Material shown:
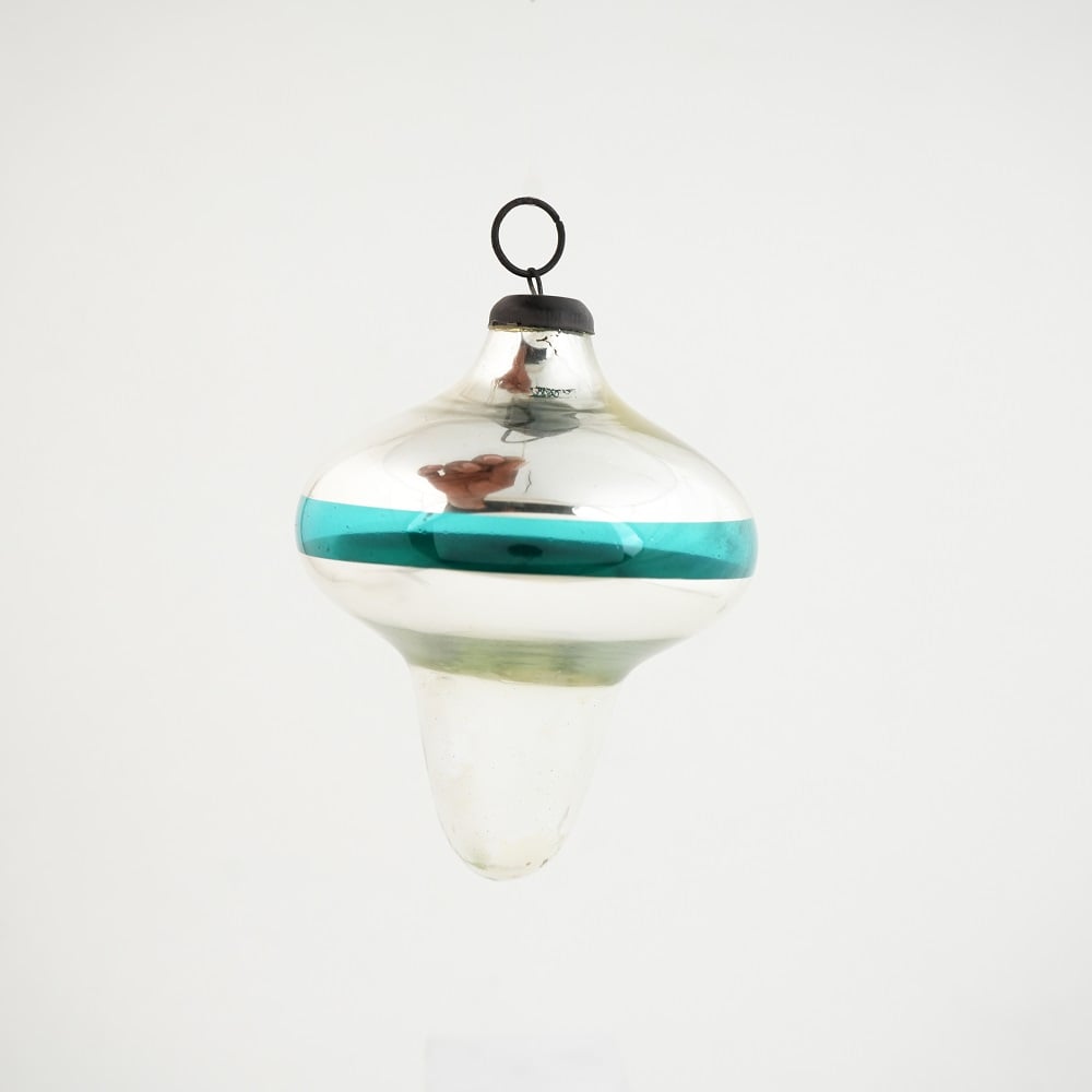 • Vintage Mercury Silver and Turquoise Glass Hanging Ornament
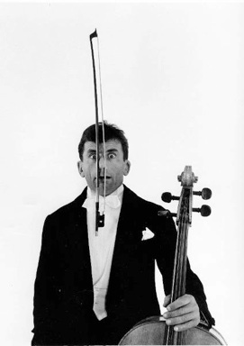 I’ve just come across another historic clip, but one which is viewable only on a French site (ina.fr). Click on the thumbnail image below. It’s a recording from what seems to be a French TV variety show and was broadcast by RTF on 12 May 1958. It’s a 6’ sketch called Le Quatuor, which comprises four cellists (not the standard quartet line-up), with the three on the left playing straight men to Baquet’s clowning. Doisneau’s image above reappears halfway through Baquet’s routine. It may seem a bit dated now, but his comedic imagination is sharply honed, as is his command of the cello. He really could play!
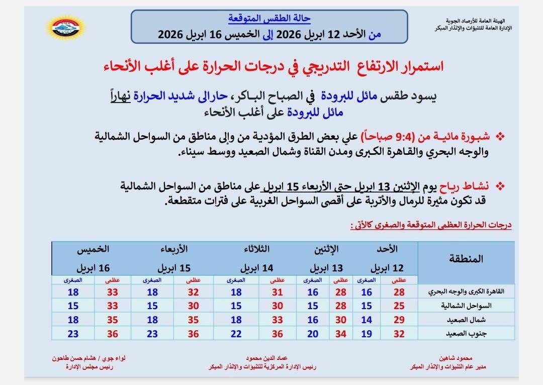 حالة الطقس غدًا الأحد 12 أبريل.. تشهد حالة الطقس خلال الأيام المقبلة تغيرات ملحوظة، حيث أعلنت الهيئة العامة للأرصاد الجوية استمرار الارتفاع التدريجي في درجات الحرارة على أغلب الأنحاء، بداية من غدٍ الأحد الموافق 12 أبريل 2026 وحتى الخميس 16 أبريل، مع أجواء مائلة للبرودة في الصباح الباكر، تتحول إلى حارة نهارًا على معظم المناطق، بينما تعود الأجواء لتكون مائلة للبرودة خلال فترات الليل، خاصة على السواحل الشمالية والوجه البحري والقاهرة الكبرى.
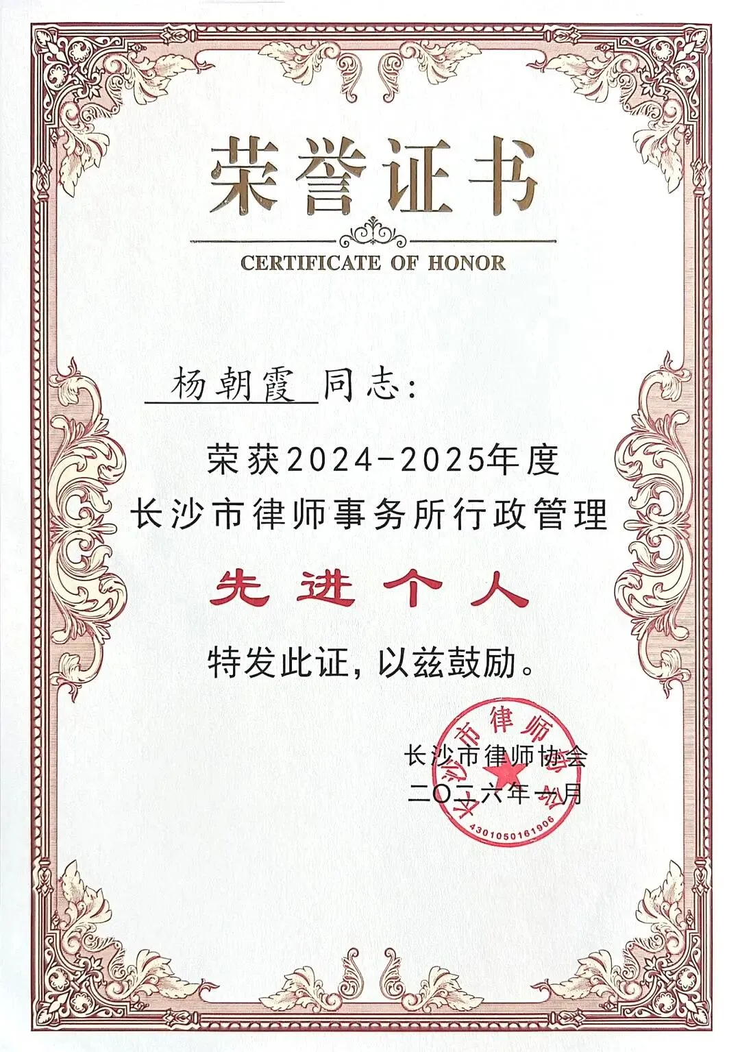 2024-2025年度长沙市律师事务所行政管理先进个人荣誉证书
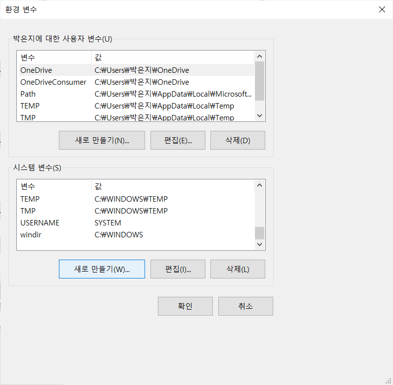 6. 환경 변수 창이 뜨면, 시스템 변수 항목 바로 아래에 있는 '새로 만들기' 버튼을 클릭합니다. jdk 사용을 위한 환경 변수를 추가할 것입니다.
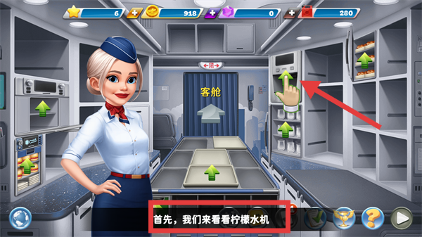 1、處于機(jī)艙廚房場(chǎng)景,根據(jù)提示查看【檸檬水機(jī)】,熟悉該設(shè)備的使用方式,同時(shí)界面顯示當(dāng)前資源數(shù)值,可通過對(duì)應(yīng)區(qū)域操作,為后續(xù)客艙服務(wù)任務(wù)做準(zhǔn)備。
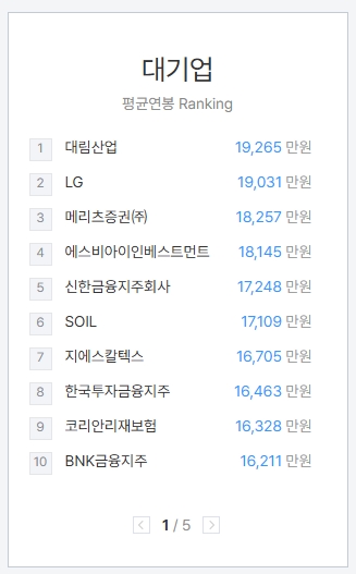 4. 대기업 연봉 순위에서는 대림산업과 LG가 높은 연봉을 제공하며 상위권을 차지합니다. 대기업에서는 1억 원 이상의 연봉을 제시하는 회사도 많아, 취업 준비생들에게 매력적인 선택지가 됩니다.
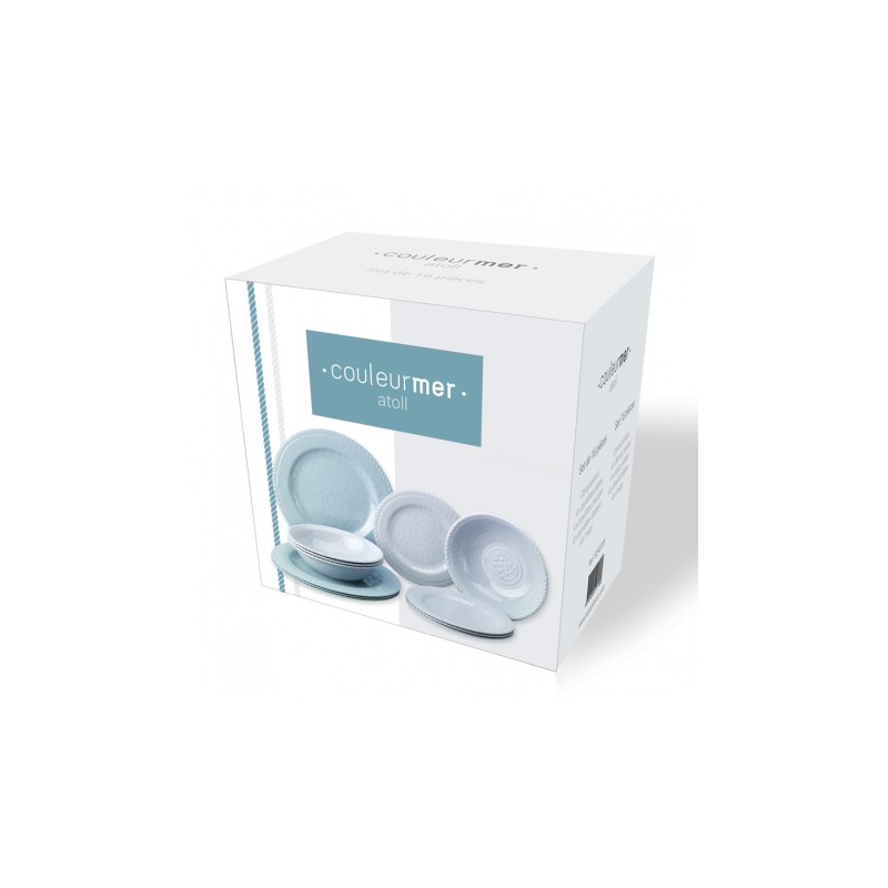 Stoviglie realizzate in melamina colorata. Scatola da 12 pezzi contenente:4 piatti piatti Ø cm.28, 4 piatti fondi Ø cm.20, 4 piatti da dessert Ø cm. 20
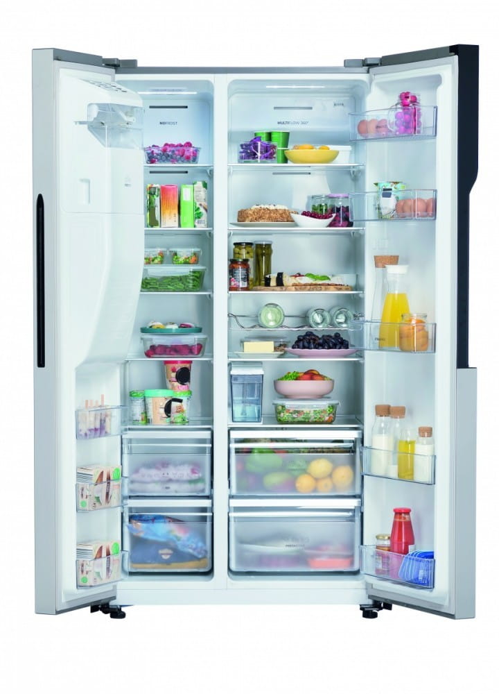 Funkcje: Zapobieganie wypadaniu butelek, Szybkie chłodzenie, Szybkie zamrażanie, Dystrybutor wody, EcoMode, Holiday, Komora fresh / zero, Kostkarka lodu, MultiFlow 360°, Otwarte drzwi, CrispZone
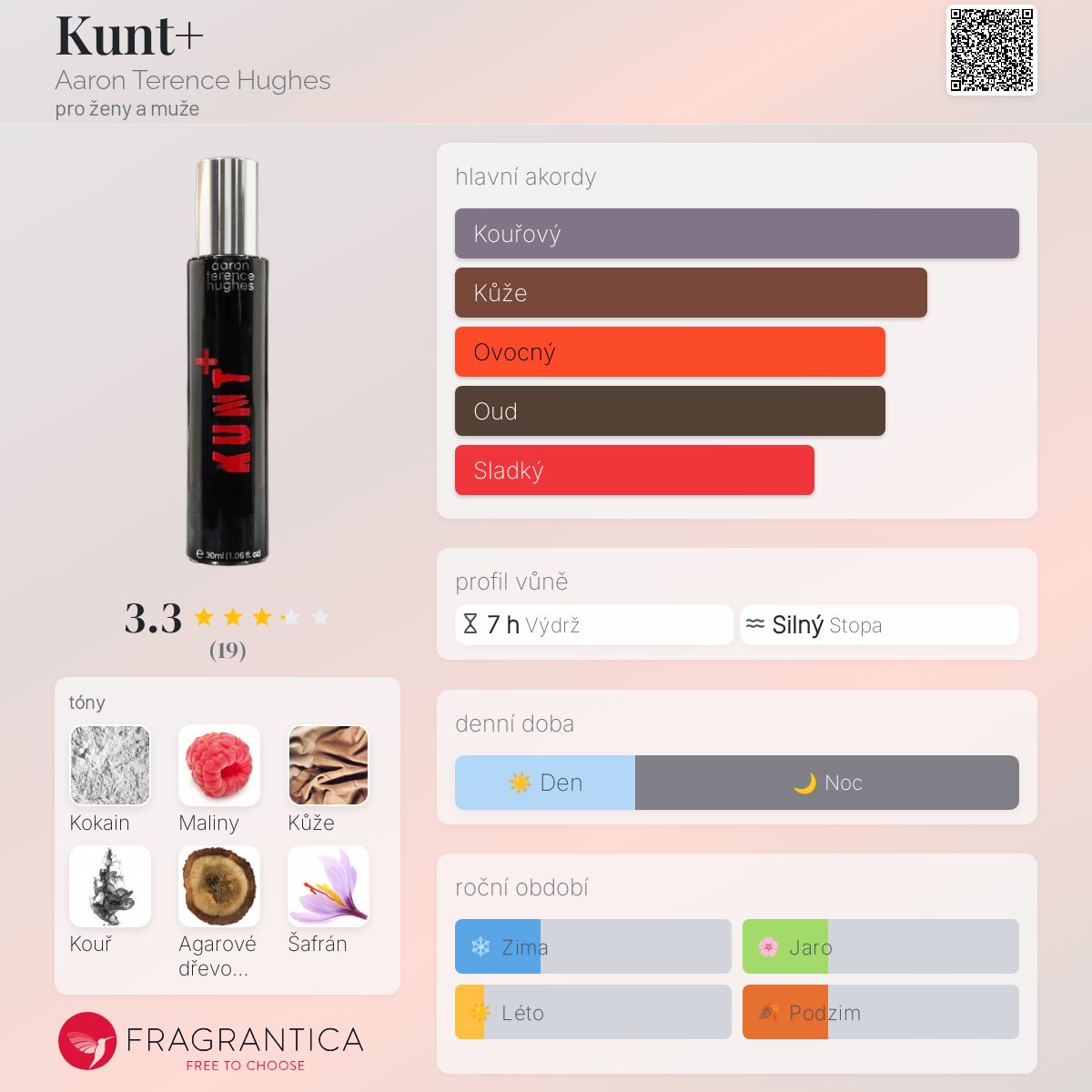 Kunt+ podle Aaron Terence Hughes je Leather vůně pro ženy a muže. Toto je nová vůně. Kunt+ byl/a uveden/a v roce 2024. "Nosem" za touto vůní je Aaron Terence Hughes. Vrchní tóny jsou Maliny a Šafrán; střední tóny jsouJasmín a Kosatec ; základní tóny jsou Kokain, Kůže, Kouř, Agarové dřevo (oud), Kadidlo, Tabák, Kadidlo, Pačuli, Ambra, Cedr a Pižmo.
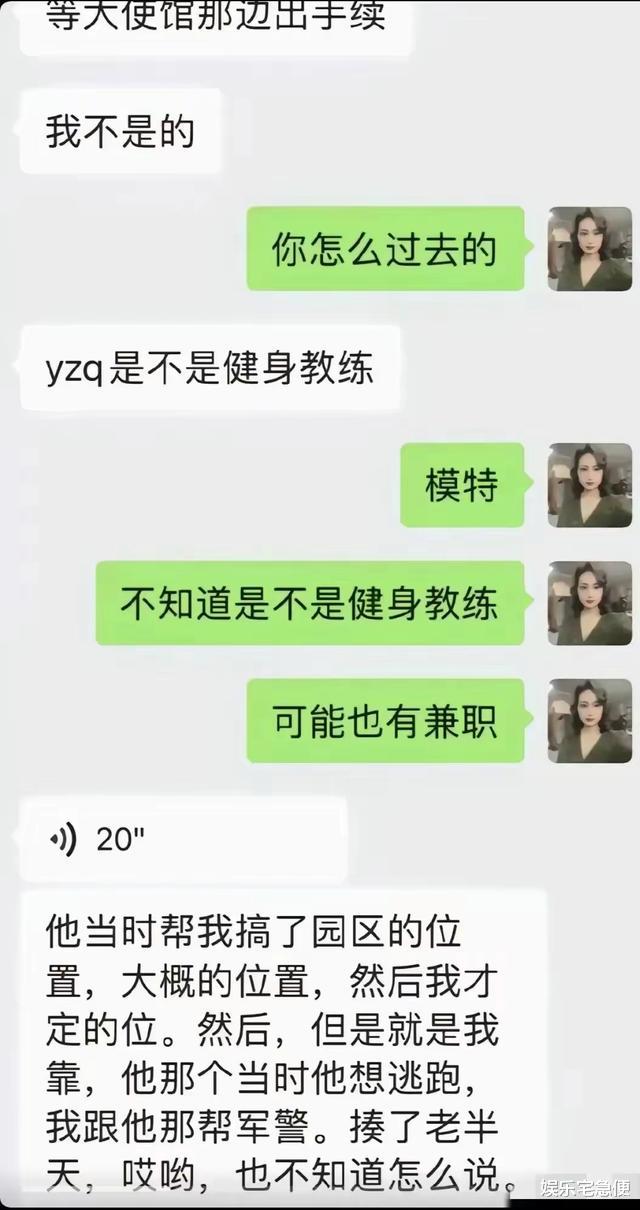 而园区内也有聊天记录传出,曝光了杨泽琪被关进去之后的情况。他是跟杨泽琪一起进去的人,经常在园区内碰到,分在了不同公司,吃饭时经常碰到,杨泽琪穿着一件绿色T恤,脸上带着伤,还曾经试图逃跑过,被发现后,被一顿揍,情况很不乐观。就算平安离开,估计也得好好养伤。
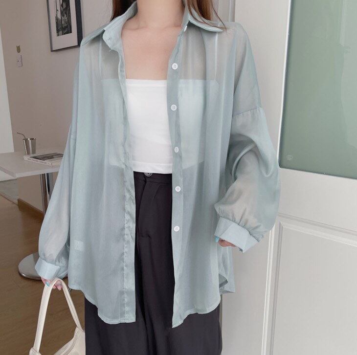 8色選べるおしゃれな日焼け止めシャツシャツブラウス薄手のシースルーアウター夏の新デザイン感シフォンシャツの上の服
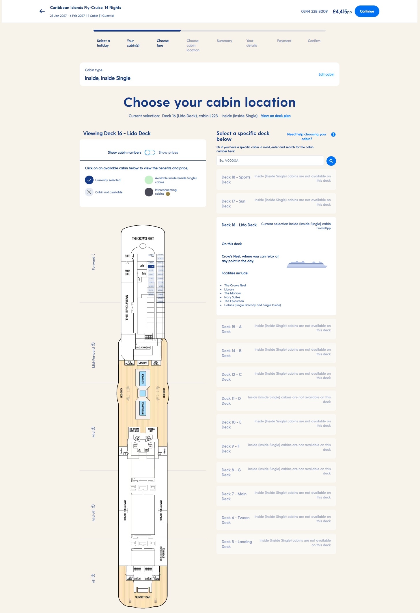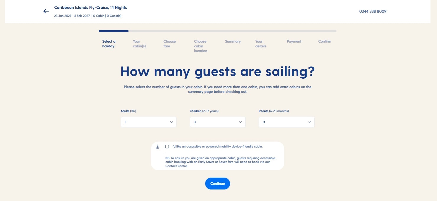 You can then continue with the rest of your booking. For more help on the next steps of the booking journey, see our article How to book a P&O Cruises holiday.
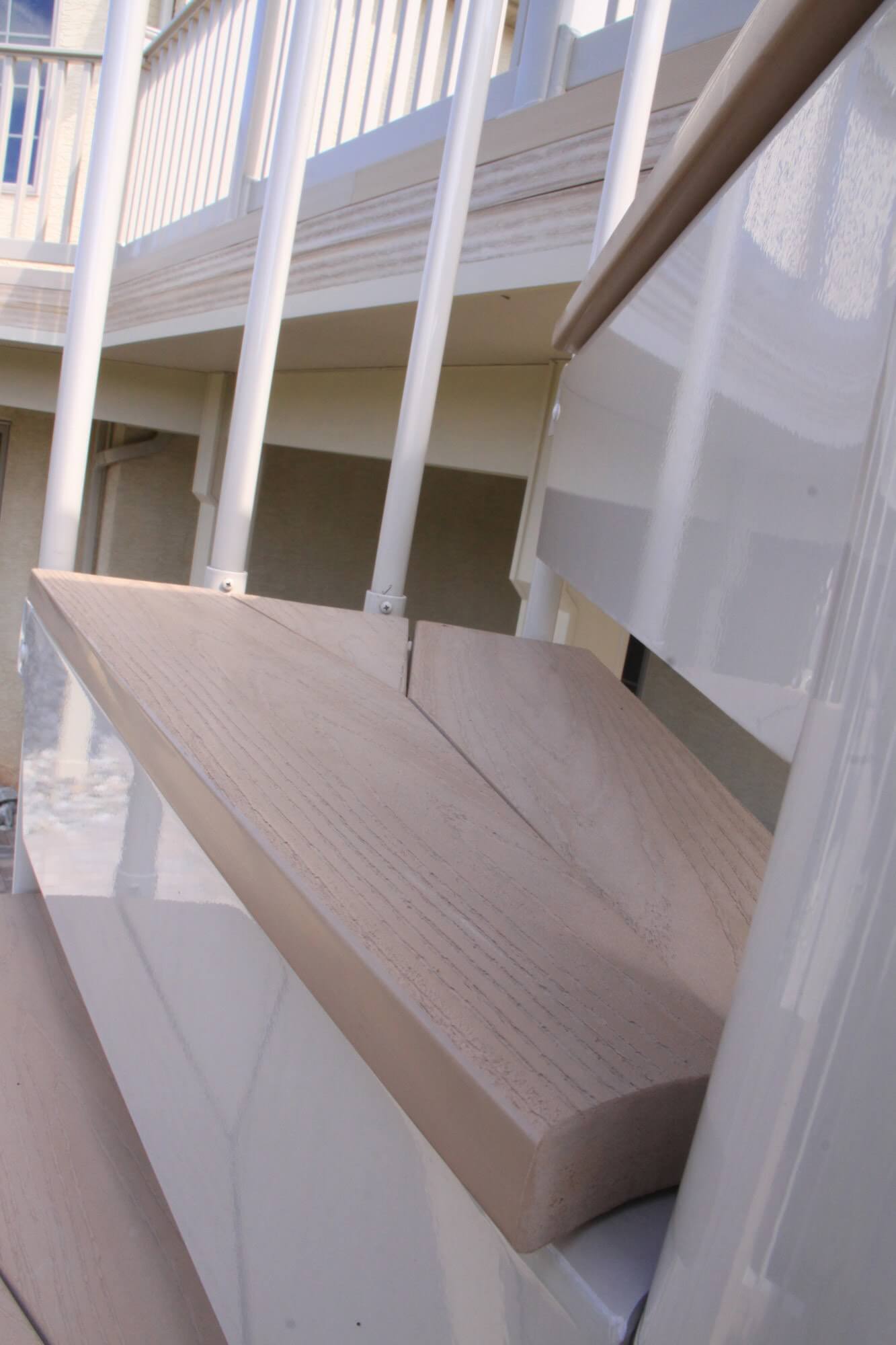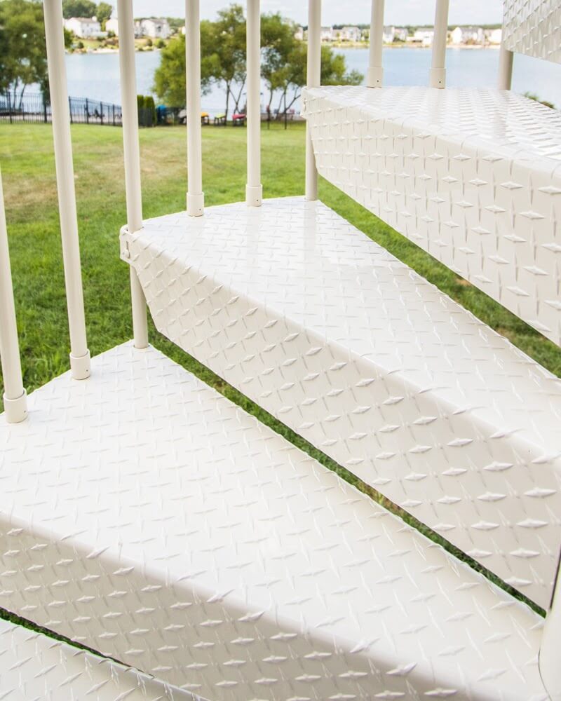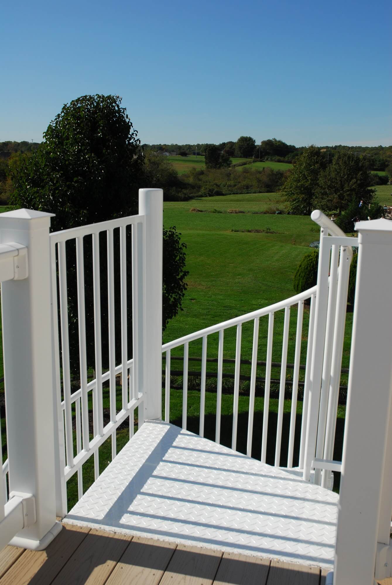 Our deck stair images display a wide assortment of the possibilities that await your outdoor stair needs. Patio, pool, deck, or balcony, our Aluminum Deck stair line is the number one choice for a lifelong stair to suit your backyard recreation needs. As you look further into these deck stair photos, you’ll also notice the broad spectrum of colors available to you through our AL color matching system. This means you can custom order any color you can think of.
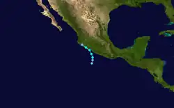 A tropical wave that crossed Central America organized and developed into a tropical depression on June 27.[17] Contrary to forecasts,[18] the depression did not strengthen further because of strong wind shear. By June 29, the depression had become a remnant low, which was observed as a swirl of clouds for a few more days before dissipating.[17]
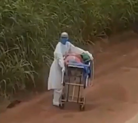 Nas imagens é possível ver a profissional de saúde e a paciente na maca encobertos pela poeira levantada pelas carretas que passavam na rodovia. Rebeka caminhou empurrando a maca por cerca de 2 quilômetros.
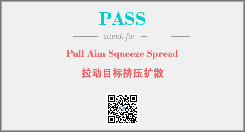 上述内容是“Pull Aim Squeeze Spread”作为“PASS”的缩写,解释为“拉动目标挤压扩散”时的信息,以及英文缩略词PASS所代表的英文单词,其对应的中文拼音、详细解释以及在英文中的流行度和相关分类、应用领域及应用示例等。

What needs to be done:
Without the pictures, give again exactly the lines above starting at the line containing "8色選べるおしゃれな日焼け止" and ending at the line containing "Our deck stair".

Solution for this task:
 8色選べるおしゃれな日焼け止めシャツシャツブラウス薄手のシースルーアウター夏の新デザイン感シフォンシャツの上の服
 You can then continue with the rest of your booking. For more help on the next steps of the booking journey, see our article How to book a P&O Cruises holiday.
 Our deck stair images display a wide assortment of the possibilities that await your outdoor stair needs. Patio, pool, deck, or balcony, our Aluminum Deck stair line is the number one choice for a lifelong stair to suit your backyard recreation needs. As you look further into these deck stair photos, you’ll also notice the broad spectrum of colors available to you through our AL color matching system. This means you can custom order any color you can think of.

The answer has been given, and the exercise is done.